Try it: Please print, exactly as written, the line containing "Rustic wooden poultry" and each line after it through the end of the material; pictures stay out.
══════════════════════════════
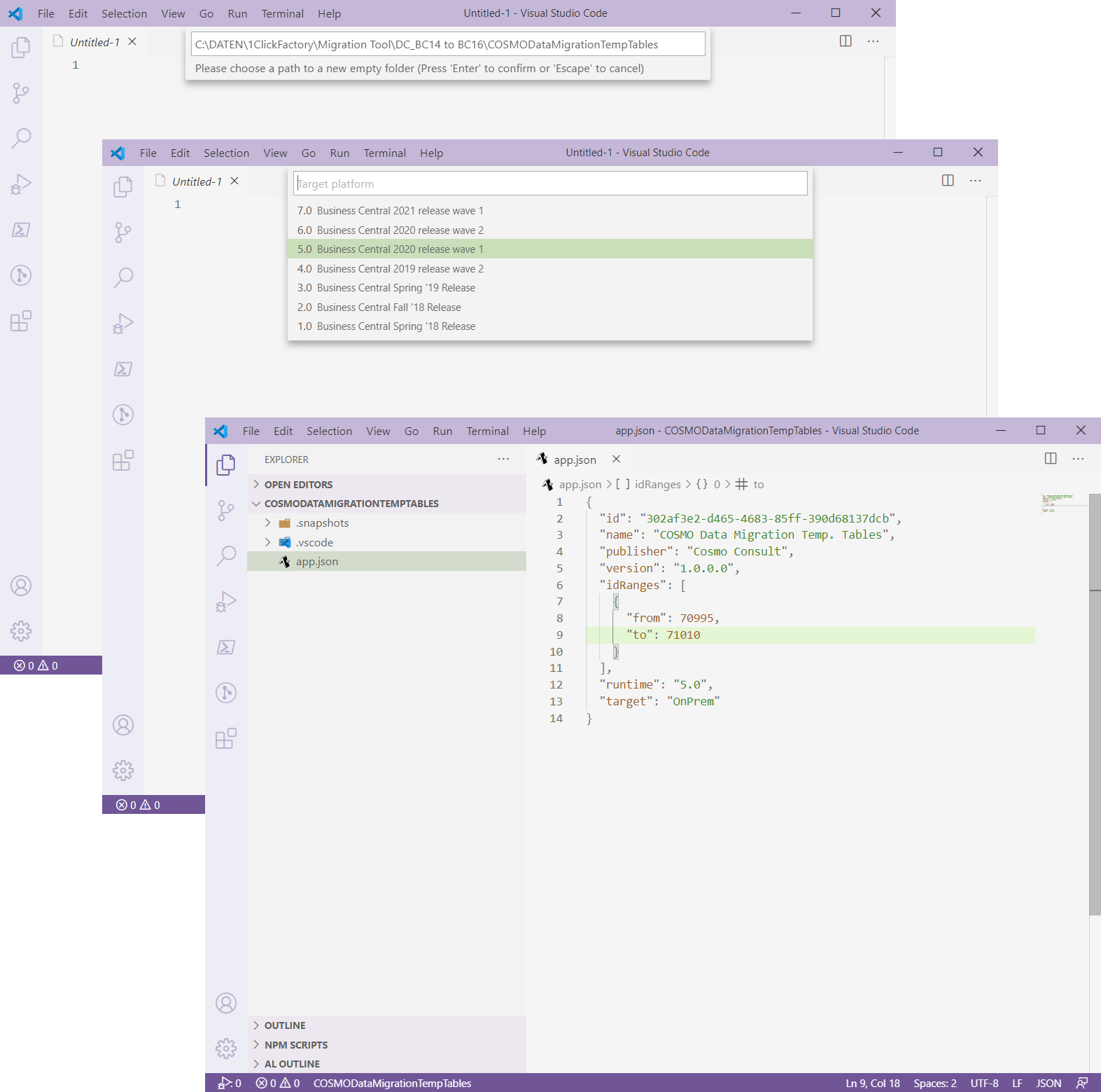 Run the build task (Control + Shift + B) to create the final Data Migration Temp. Tables app for the COSMO Document Configurator app and store the .app file in the $AppFolderPath directory.
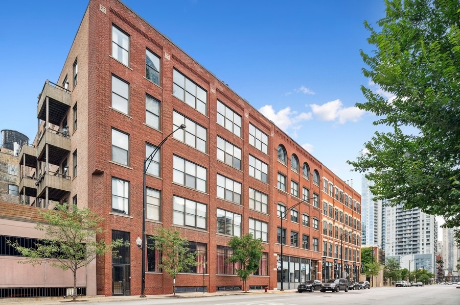 Looking for something unique and truly "Chicago"? Then this timber loft is for you! Has all the architectural elements loft lovers are looking for: exposed brick, high ceilings and gorgeous timber beams. Live in the best part of River North in this quiet pocket near the Riverwalk and Ward Park but yet close to all the restaurants and entertainment River North is famous for. The design is the perfect mix of historic architecture complemented with modern features. Soaring 14' high ceilings with an expansive wall of south facing windows for tons of natural light and gorgeous unobstructed Chicago skyline views. This 1250 sq ft space has been converted from a 2-bedroom to a 1-bedroom offering a massive open-concept living space that is perfect for entertaining. Unit is in turn-key, move-in condition with tons of modern upgrades from the current owner. Open kitchen has stainless steel appliances, new cabinets, quartz countertops, under-mount lighting and an extended built-in butler bar/buffet with mood lighting along the dining area that is an entertainers' dream! Cozy up on cold winter nights to a warm wood-burning fireplace with custom stone surround, limestone hearth and a stylish built-in media cabinet. Primary bedroom is fully enclosed with a huge walk-in closet that has been fully customized to perfection. Primary ensuite bath has radiant floor heating, dual vanities plus a walk-in steam shower. Second bath has tub and new vanity. The massive multi-functional living/dining/work space has a lot of flexibility based on your lifestyle and needs. Second bedroom was removed and certainly can be added back or plenty of space to add a home office. True hardwood floors throughout, brand new HVAC, in-unit W/D, new custom closet doors in hallway and modern light fixtures throughout. Ample storage within the unit plus you get your own massive walk-in storage ROOM located in the lower level and a shared bike room. This boutique building is well-managed and has a beautifully landscaped outdoor courtyard that makes for a perfect natural oasis to escape to while in the heart of the city. This prime location cannot be beat! A block from the East Bank Club and close to dog parks, the river walk, shopping and all the bars and restaurants that makes the East Bank area of River North so desirable. Easy access to the expressways, near the Brown & Purple lines for easy commute to the loop plus tons of buses to choose from. Garage parking space #26 available for additional $30k. Don't wait, book your showing today before this rare one-of-a-kind beauty is gone!
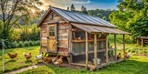 Rustic wooden poultry house with corrugated metal roof and wire mesh enclosure amidst lush greenery, surrounded by scattered feathers and farm equipment.
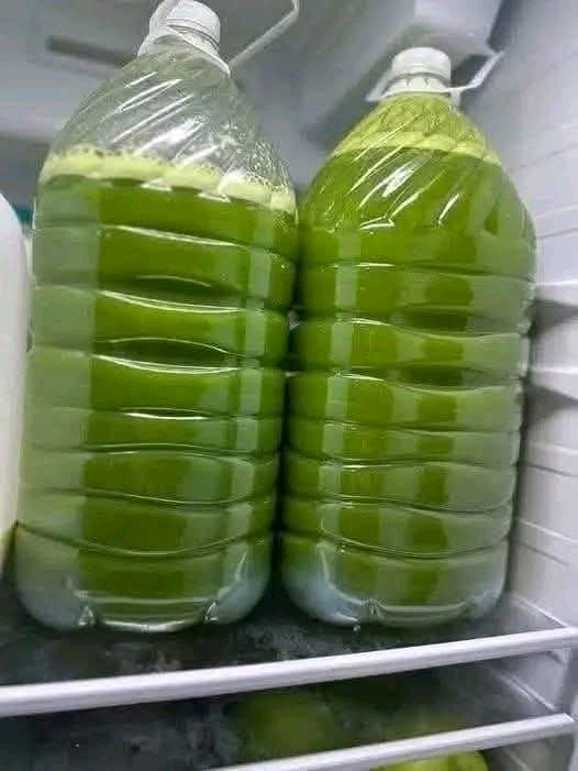 4️⃣ L’Unione Finale: Una volta ottenuto il succo, versalo in una grande brocca e mescola bene con un cucchiaio di legno. Noterai quel colore verde smeraldo vibrante… è la vita che entra nella bottiglia! 🧪
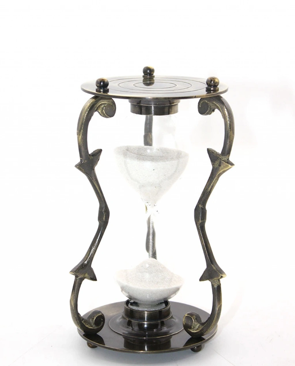 • PİRİNÇ KUM SAATİ MODEL 4Ürün ÖzellikleriAntik pirinç kaplama tasarımıyla öne çıkan bu dekoratif kum saati, estetik ve nostaljik bir hava katmaktadır. Özenle işlenmiş metal çerçeve, klasik bir dokunuş sağlarken, kum haznesi şeffaf camdan üretilmiştir.
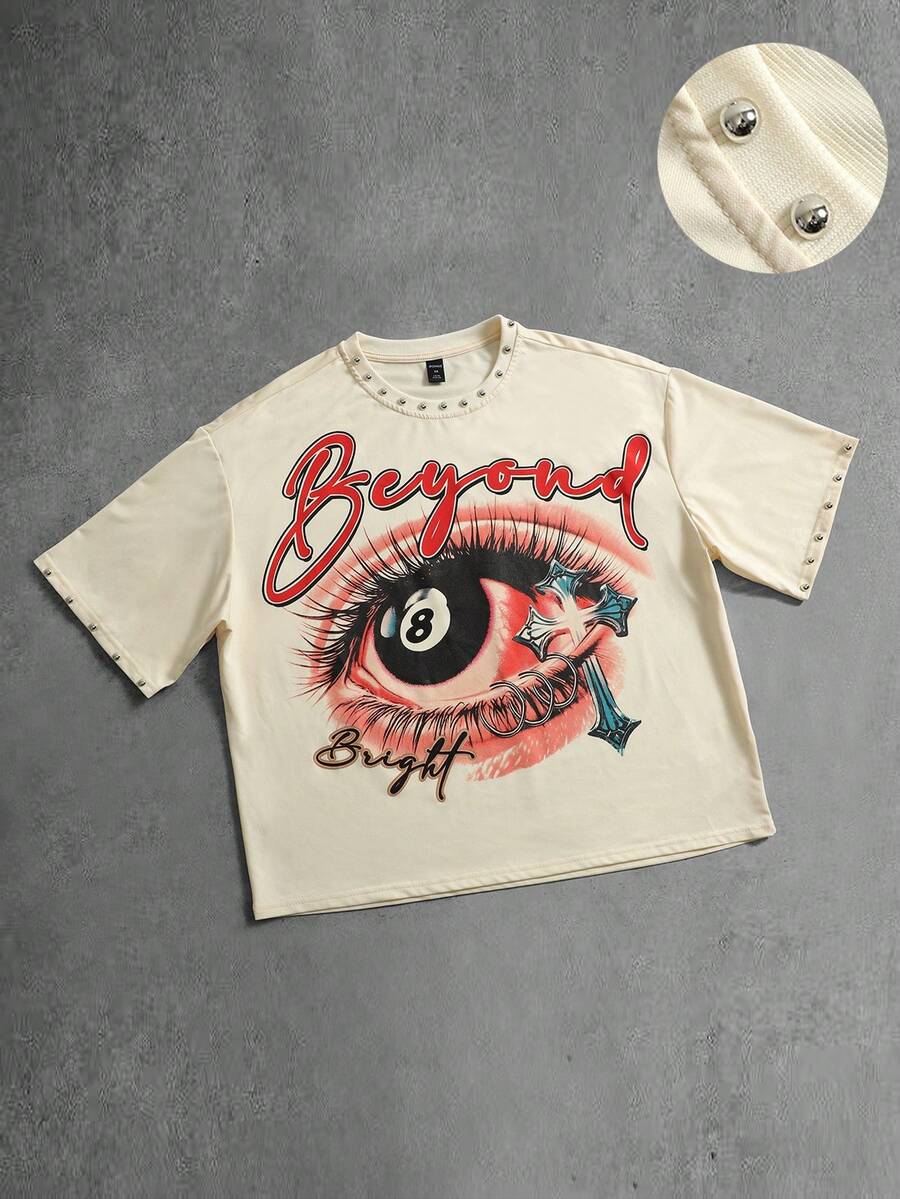 Camiseta de manga corta con estampado gráfico y tachuelas para hombre
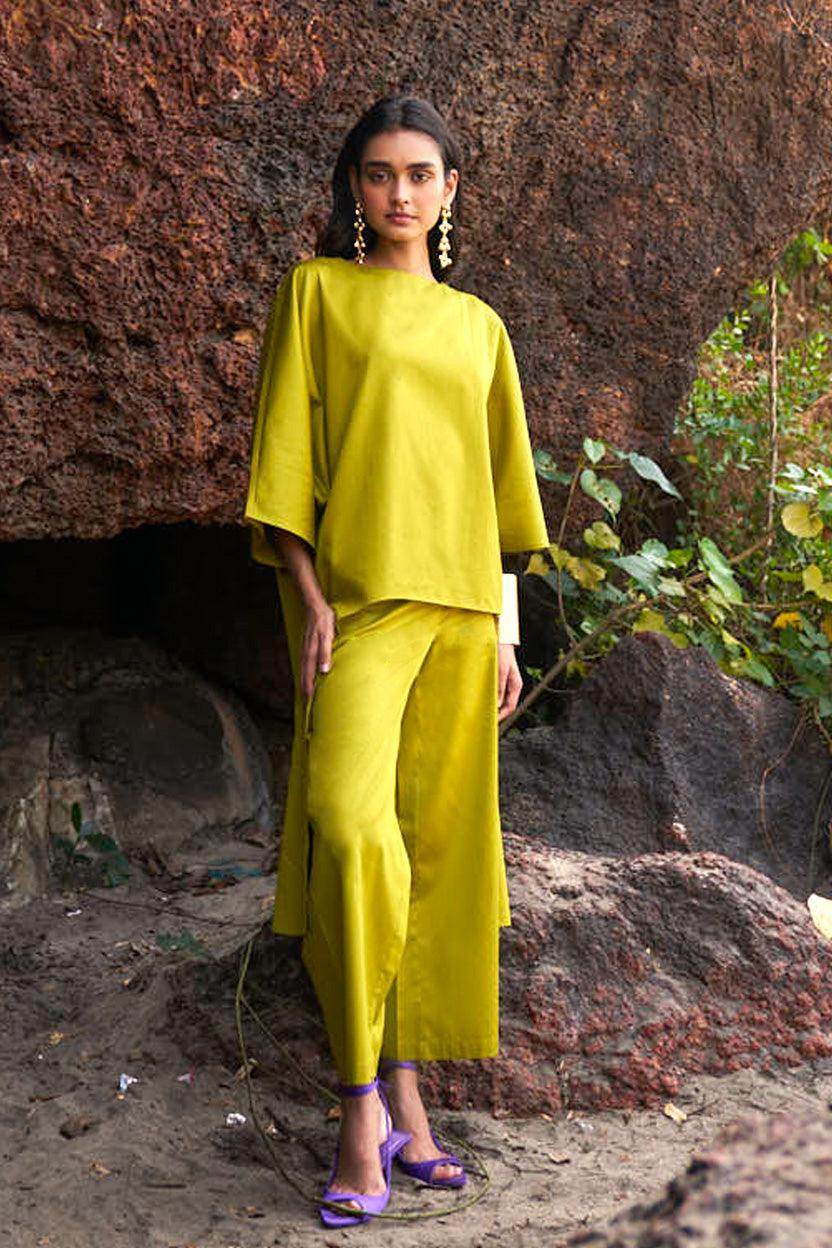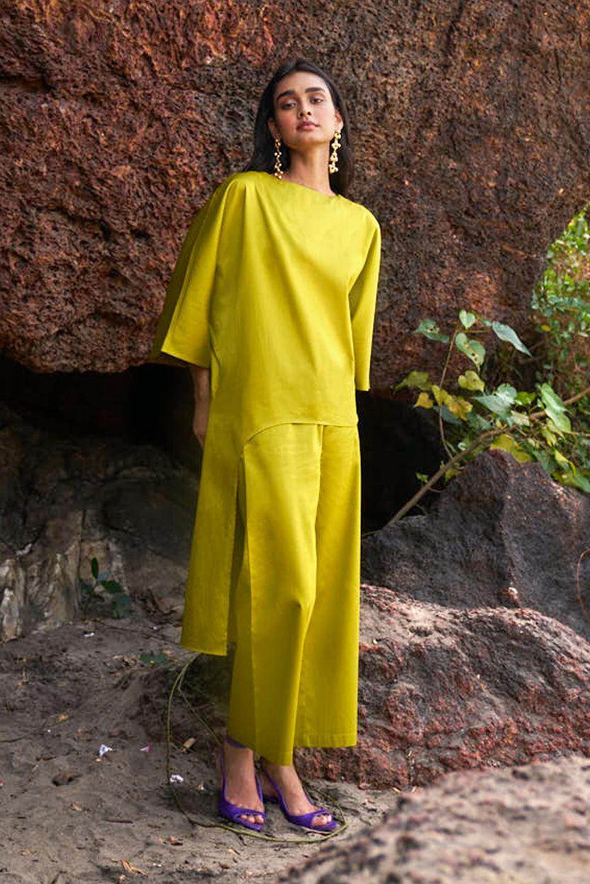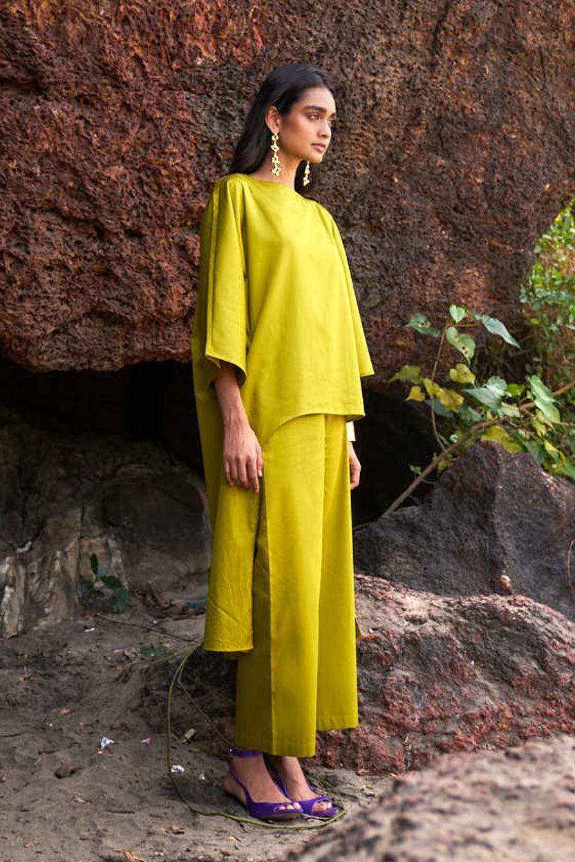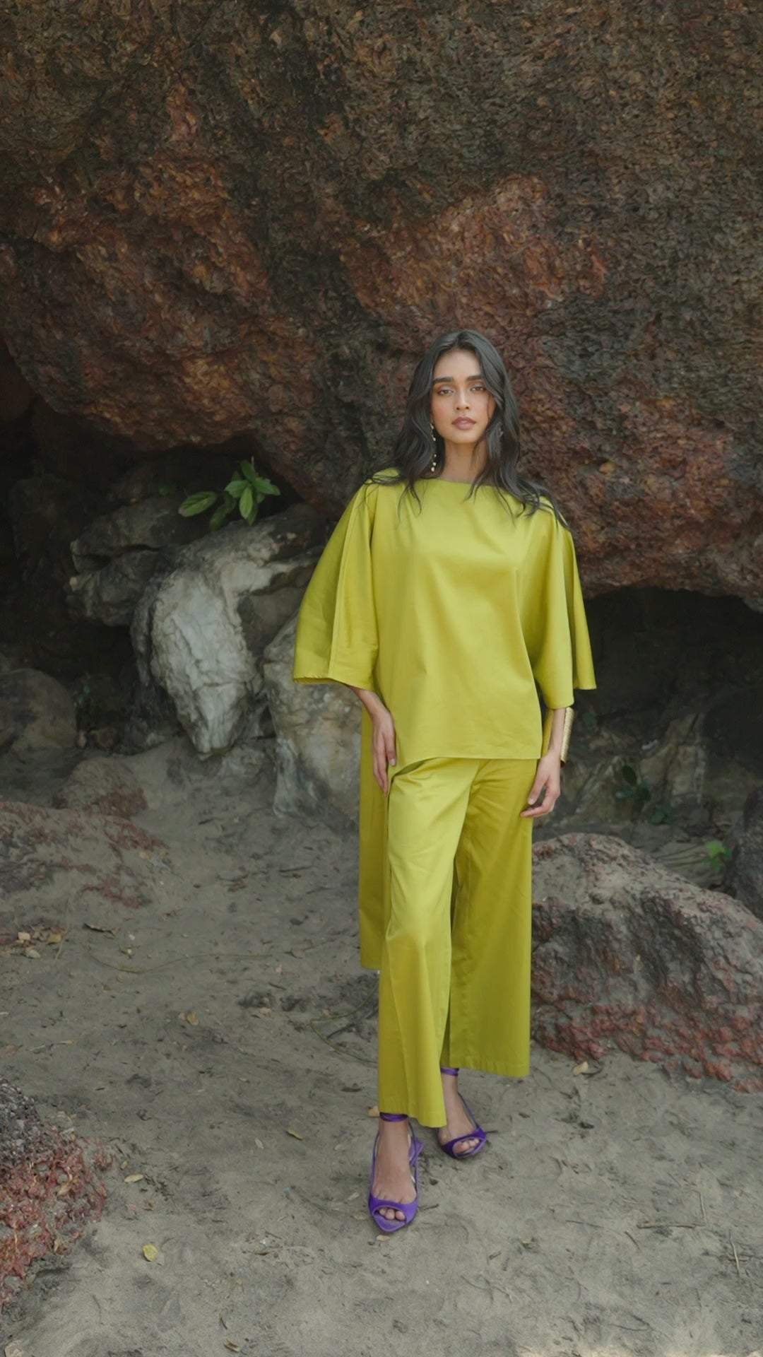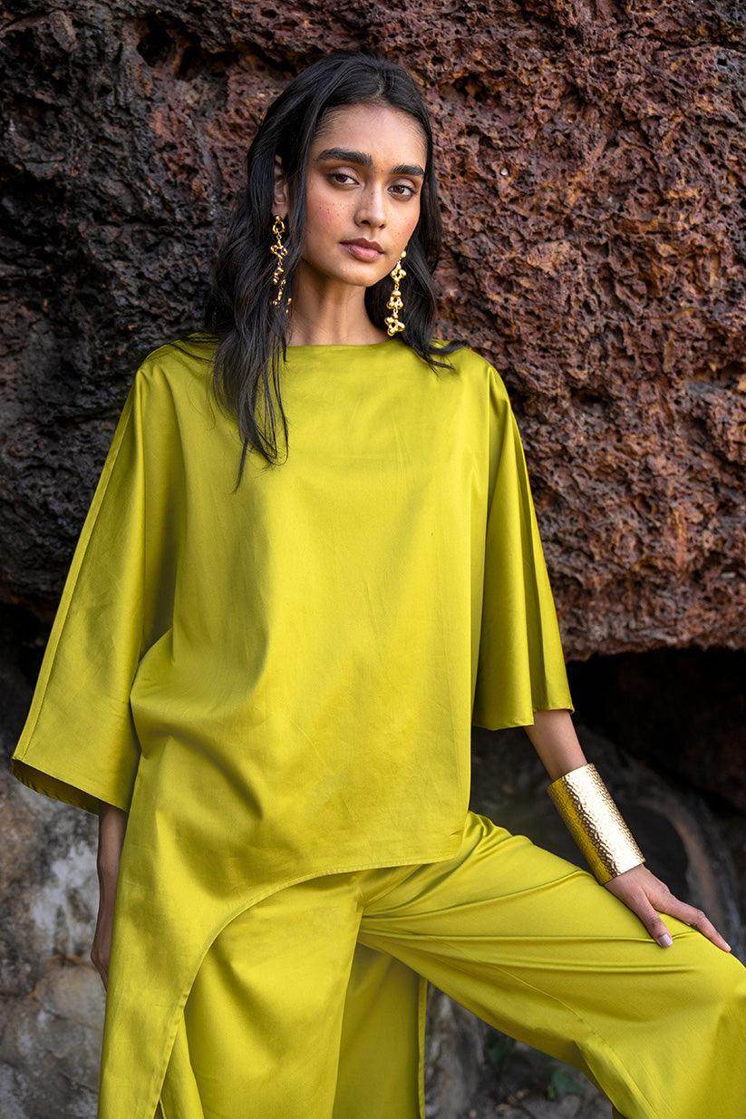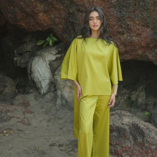 Olive green cotton coord set. High-low top with a boat neck. Dolman sleeve on one arm and a cape sleeve on the other. Back is dramatically long and creates movement.
══════════════════════════════
Expected answer:
 Rustic wooden poultry house with corrugated metal roof and wire mesh enclosure amidst lush greenery, surrounded by scattered feathers and farm equipment.
 4️⃣ L’Unione Finale: Una volta ottenuto il succo, versalo in una grande brocca e mescola bene con un cucchiaio di legno. Noterai quel colore verde smeraldo vibrante… è la vita che entra nella bottiglia! 🧪
 • PİRİNÇ KUM SAATİ MODEL 4Ürün ÖzellikleriAntik pirinç kaplama tasarımıyla öne çıkan bu dekoratif kum saati, estetik ve nostaljik bir hava katmaktadır. Özenle işlenmiş metal çerçeve, klasik bir dokunuş sağlarken, kum haznesi şeffaf camdan üretilmiştir.
 Camiseta de manga corta con estampado gráfico y tachuelas para hombre
 Olive green cotton coord set. High-low top with a boat neck. Dolman sleeve on one arm and a cape sleeve on the other. Back is dramatically long and creates movement.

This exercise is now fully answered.